Doesn't answer your question about coffee grinding I know, but I've been tempted by one of these gadgets for a while Handpresso Wild Hybrid.  Just not sure if I can really justify the cost!!


----------



## fairytooth (Jul 2, 2012)

I like fresh coffee but can't be faffed to grind it myself.  The best (and best value) I have found is Lidl's own label Belladrom coffee which stays in an air tight container in the fridge then into the aluminium stove top pot as required.  Ready in less than a minute.


----------



## oldish hippy (Jul 2, 2012)

i like fresh coffee first thing in morning normally make up one before bed the straight down in morning whilst kettle boils except when it rock solid in morning like at stonehenge  had solid coffee couldnt drink it


----------



## n brown (Jul 2, 2012)

in portugal i drank espresso black in small cups,called a bica there.one day their machine was broken and the owner put 3 heaped spoonfuls of nescafe into this tiny cup,just fitted,added boiling water and handed it to me,i was sceptical but it was great.try it,not recommended for coffee snobs but fine for caffeine junkies


----------



## Harmergeddon (Jul 3, 2012)

Bigpeetee said:


> Trouble is most coffee grinders are in the 120-220 watt range that's 10-19 amps at 12v so you'd need a big thick cable to run it directly from your leisure battery. .



My conversion already has the capacity for this. Always sensible to have at least one high power capable cigarette lighter socket.


----------



## sasquatch (Jul 3, 2012)

I have started to drink Nestle Azara instant,it comes in a small can and makes a good quick Americano in the van. When my wife went to buy it for the first time she asked the shop assistant for 'Al Jazzera' coffee! Instead she bought a jar of Nestle Expresso which was a passable substitute.


----------



## Bigpeetee (Jul 3, 2012)

Harmergeddon said:


> My conversion already has the capacity for this. Always sensible to have at least one high power capable cigarette lighter socket.

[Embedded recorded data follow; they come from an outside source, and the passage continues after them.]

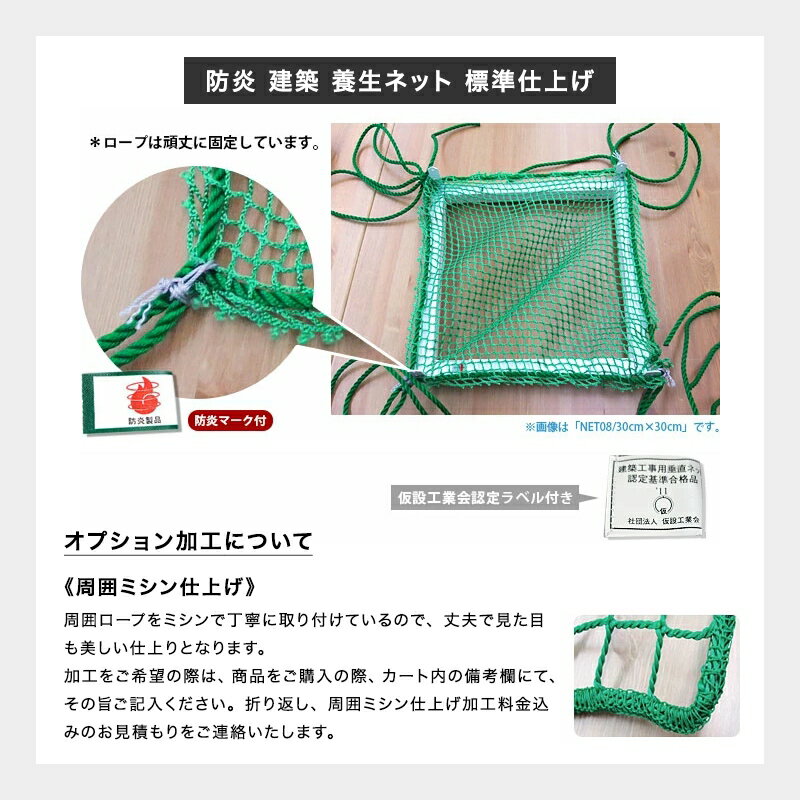 オススメポイント ★【NET07】防炎建築養生ネット ※仮設工業会認定品 -------------------------------------------------- 建設現場での養生、積荷の荷崩れ防止など、四方を固定して使用する場所に最適です。 防炎加工認定品なので、消防指定がある現場でも安心してお使いいただけます。 ★建設工事現場だけじゃない多様な用途 -------------------------------------------------- 建設現場の壁面や棚のまわりなどに設置し落下や追突の防止やゴミ置き場の猫・鳥よけ(防鳥ネット)、お店の防犯ネットとしてなど様々なシーンで活躍します。 ※網目の特性上、上部だけを固定して(カーテンレールなどに吊り下げて)使用したり、何かにかぶせて使用する(固定せずに使用する)場合、形が変形しているように見えます ★もしもの時安心!防炎機能 -------------------------------------------------- もしもの時安心、燃え広がりにくい、延焼を防ぐ機能をプラスしたネットです。防炎マーク付きで公共施設などでもお使いいただけます。 ★1cm単位でサイズオーダー&日本製 -------------------------------------------------- 使いたい場所のサイズに合わせてサイズオーダーができます。ご注文を受けしてから国内の工場にて製作をしています。 商品詳細 ■カラー グレー、ブルー、グリーン ■材質 ポリエステル ■網目大きさ 15ミリ ■網目結節 ラッセル ■糸【太さ】 1.7mmΦ ■糸【規格】 2000T(1800d)/5本 ※2000T(デシテックス)とは10000mあたり2000gの重さがある繊維1本の太さを示します。 ■重量 210g/平米 ■周囲仕上げ 8φ同色ロープ(ポリエチレン)通し加工 手棒ロープ/四隅各2本(1m)+各辺7mおきに2本(1ヶ所)追加 ■注意事項 ・1cm単位でオーダーをお受けしていますが網目の都合上、誤差があります。 ・地面と水平に設置し人受けなどの用途に使用することはできません。 ・オーダー商品のため返品・交換・キャンセルのできない商品です。 ・周囲ミシン仕上げなどのオプション加工も出来ます。お見積もりになりますのでお気軽にお問い合わせください。 ・出荷後の住所・送付先の変更は転送料が必要となりますので、ご注文前にお届け先住所を必ずご確認ください。 ご注文のご注意事項 ■パソコンの環境によりモニター画面上の色と実際の商品の色の見え方が異なる場合がございます。 ■ご注文後の変更・交換・キャンセルはお受けすることができません。 また、出荷後の住所・送付先の変更は転送料が必要となりますので、ご注文前にお届け先住所を必ずご確認ください。 ■ご注文の前に当店のご注文規定を必ずご確認ください。ご注文の際は、こちらのページの内容をご理解いただいたものと判断させていただきます。防炎建築養生ネット【NET07】 建設現場で資材などの落下を防止するネット。建設現場での養生、積荷の荷崩れ防止など、四方を固定して使用する場所に最適です。防炎加工認定品なので、消防指定がある現場でも安心してお使いいただけます。 猫・鳥よけや、店舗などの防犯等にもご利用できます。合成繊維の中で最も日光・風・雨に強いポリエステル素材を使用。耐候性に優れています。 15mmの目合で角目仕立てですから、ボルトなどの小さな物の飛び出しを防ぎます。仮設工業会認定品ですので、安心してご利用いただけます。 カラー 対応サイズ 「○」をタップすると移動します/ ○:オーダー可 幅→ ↓丈/ 〜1m 〜2m 〜3m 〜4m 〜5m 〜6m 〜1m ○ ○ ○ ○ ○ ○ 〜2m ○ ○ ○ ○ ○ ○ 〜3m ○ ○ ○ ○ ○ ○ 〜4m ○ ○ ○ ○ ○ ○ 〜5m ○ ○ ○ ○ ○ ○ ※幅6m以上・丈5m以上をご希望の場合はお問い合わせください。 オススメポイント ★【NET07】防炎建築養生ネット ※仮設工業会認定品 -------------------------------------------------- 建設現場での養生、積荷の荷崩れ防止など、四方を固定して使用する場所に最適です。 防炎加工認定品なので、消防指定がある現場でも安心してお使いいただけます。 ★建設工事現場だけじゃない多様な用途 -------------------------------------------------- 建設現場の壁面や棚のまわりなどに設置し落下や追突の防止やゴミ置き場の猫・鳥よけ(防鳥ネット)、お店の防犯ネットとしてなど様々なシーンで活躍します。 ※網目の特性上、上部だけを固定して(カーテンレールなどに吊り下げて)使用したり、何かにかぶせて使用する(固定せずに使用する)場合、形が変形しているように見えます ★もしもの時安心!防炎機能 -------------------------------------------------- もしもの時安心、燃え広がりにくい、延焼を防ぐ機能をプラスしたネットです。防炎マーク付きで公共施設などでもお使いいただけます。 ★1cm単位でサイズオーダー&日本製 -------------------------------------------------- 使いたい場所のサイズに合わせてサイズオーダーができます。ご注文を受けしてから国内の工場にて製作をしています。 商品詳細 ■カラー グレー、ブルー、グリーン ■材質 ポリエステル ■網目大きさ 15ミリ ■網目結節 ラッセル ■糸【太さ】 1.7mmΦ ■糸【規格】 2000T(1800d)/5本 ※2000T(デシテックス)
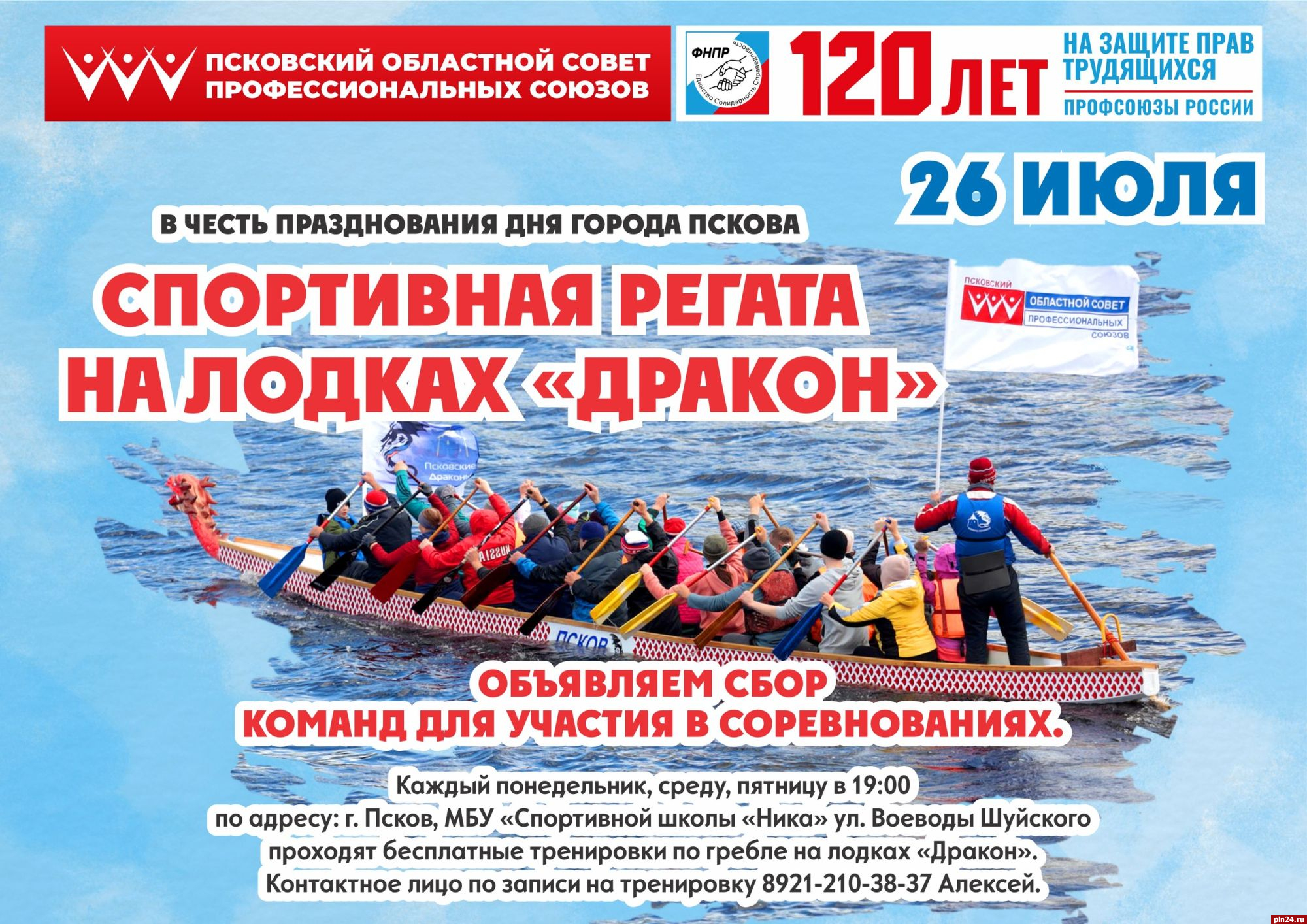 Продолжается набор профсоюзных команд для участия 26 июля в спортивной регате на лодках «Дракон», сообщили Псковской Ленте Новостей в региональном профсоюзном объединении Псковской области.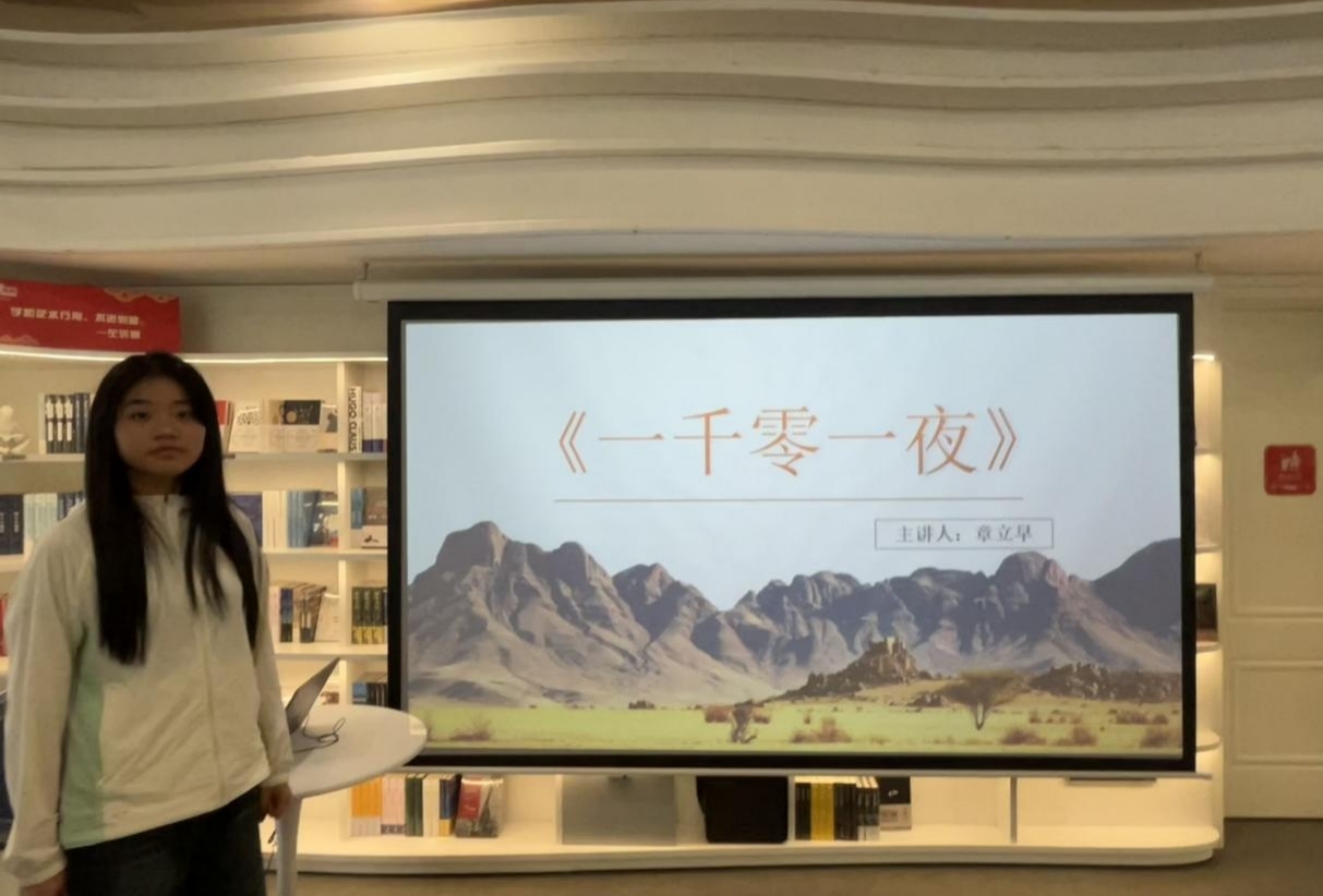 章立早带领同学们畅游《一千零一夜》。她表示:“我深刻体会到经典书籍跨越时空的魅力。书中奇幻故事如璀璨星河,从神灯精灵到辛巴达航海,每个故事都饱含智慧与温情。分享过程中,大家一同沉浸于异域文化,热烈讨论角色与情节,不仅传递了阅读乐趣,更让我明白好书分享是思想与情感的双向奔赴。”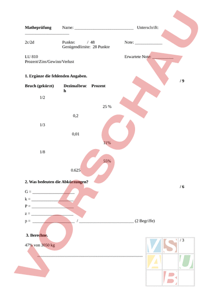 Matheprüfung Name: Unterschrift: 2c/2d Punkte: 48 Genügendlimite: 28 Punkte LU 810 Prozent/Zins/Gewinn/Verlust Note: Erwartete Note: 1. Ergänze die fehlenden Angaben. /9 Bruch (gekürzt) Dezimalbruc Prozent 1/2 25 0,2 1/3 0,01 11% 1/8 55% 0.625 2. Was bedeuten die Abkürzungen? /6 (2 Begriffe) 3. Berechne. /3 47% von 3050 kg 525,6 sind 9% von wie viel m? 1073 Fr. sind x% von 3700 Fr. 4. Löse die Textaufgaben nach Schema. Pro Aufgabe gibt es 3 Punkte 30 1) Von 810 Büchern einer Schulbibliothek sind 567 Bücher ausgeliehen. Wie viel Prozent der Bücher sind das? 2) Frau Tessaro kauft im Ausverkauf ein. 30% RABATT AUF ALLE WAREN. Frau Tessaro kauft einen Pullover, der normalerweise 72 Franken kostet. Wie viel muss Frau Tessaro tatsächlich bezahlen? 3) Im Winterschlussverkauf wird eine Jacke um 25 des ursprünglichen Preises billiger. Sie kostet dann noch 49,50 Euro. Was kostete sie ursprünglich? 4) Herr Steiner hat 7200 Franken auf seinem Konto. Der Zinssatz beträgt 1,3%. Nach einem Jahr möchte Herr Steiner sein Geld wieder abheben. Wie viel erhält er zusätzlich zu seinen 7200 Franken von der Bank? 5) Bei der Tour de Suisse führt eine Etappe von Sierre nach Schwarzenburg über 196km. Das sind 14% der Gesamtstrecke. a. Wie lang ist die Gesamtstrecke? b. Wie lang ist die zweitletzte Etappe die 12% der Gesamtstrecke ausmacht? (Falls du nicht berechnen konntest, nehme 1000 km als Gesamtstrecke.) 6) Leonie hat eine Erbschaft von 64000 Franken gemacht. Leonie erhält im Moment 1360 Franken Zinsen im Jahr. Zu welchem Prozentsatz ist ihr Geld angelegt? 7) Rita muss 1200 Franken Zinsen in einem Jahr an ihre Bank bezahlen. Wie viel Geld hat sie sich insgesamt ausgeliehen, wenn ihr die Bank einen Zinssatz von 3% gibt? 8) Ein Händler (Herr Simon) kauft ein Auto von einem anderen Händler für 25000 Franken. Nachdem er ein paar Sachen repariert hat, kann er es in seinem Autohaus für 30000 Franken verkaufen. Für die Reparatur hat er selbst 1000 Franken bezahlt. a) Wie viel Gewinn macht Herr Simon? b) Wie viel Prozent Gewinn macht Herr Simon?

Cigarette lighter sockets can be used for a short time at high current, long enough to heat the element of the lighter, they are not designed for prolonged use at high current, they get quite hot as a result of poor contact between the metal surfaces.I wouldn't use them for more than say 5-7 amps continuous use.

I'm talking about a dedicated lighter circuit with suitable wire, the ones fitted to the vehicle are loomed with the rest of the cabling, the manufacturer doesn't intend it to be used for prolonged periods of high current, the 10 amp fuse commonly fitted is to protect the cabling in case of short circuit.

I know American manufacturers will allow a 100C rise in temperature of the cable for short use!!

I wouldn't use anything more than say a 60w continuous load, about 5A on one in the cab.


----------



## Harmergeddon (Jul 3, 2012)

Bigpeetee said:


> Cigarette lighter sockets can be used for a short time at high current, long enough to heat the element of the lighter, they are not designed for prolonged use at high current, they get quite hot as a result of poor contact between the metal surfaces.I wouldn't use them for more than say 5-7 amps continuous use.
> 
> I'm talking about a dedicated lighter circuit with suitable wire, the ones fitted to the vehicle are loomed with the rest of the cabling, the manufacturer doesn't intend it to be used for prolonged periods of high current, the 10 amp fuse commonly fitted is to protect the cabling in case of short circuit.



So am i. I have installed one of these sockets Lighter Power Socket With Flip Cover - LTRPS
which i have wired via a 20 amp maxi inline blade fuse holder direct to the ouput from my blocking diode using suitable sized wire. It is a dedicated circuit not in contact with the rest of the vehicles wiring standard loom. Plus i wouldn't really describe grinding coffee as prolonged use, would you?


----------



## Robmac (Jul 3, 2012)

Tesco do a one cup filter thingy - you pop the filter (coffee already contained inside) in the top of a cup and pour the water through it - don't know how good they are but maybe worth a try.


----------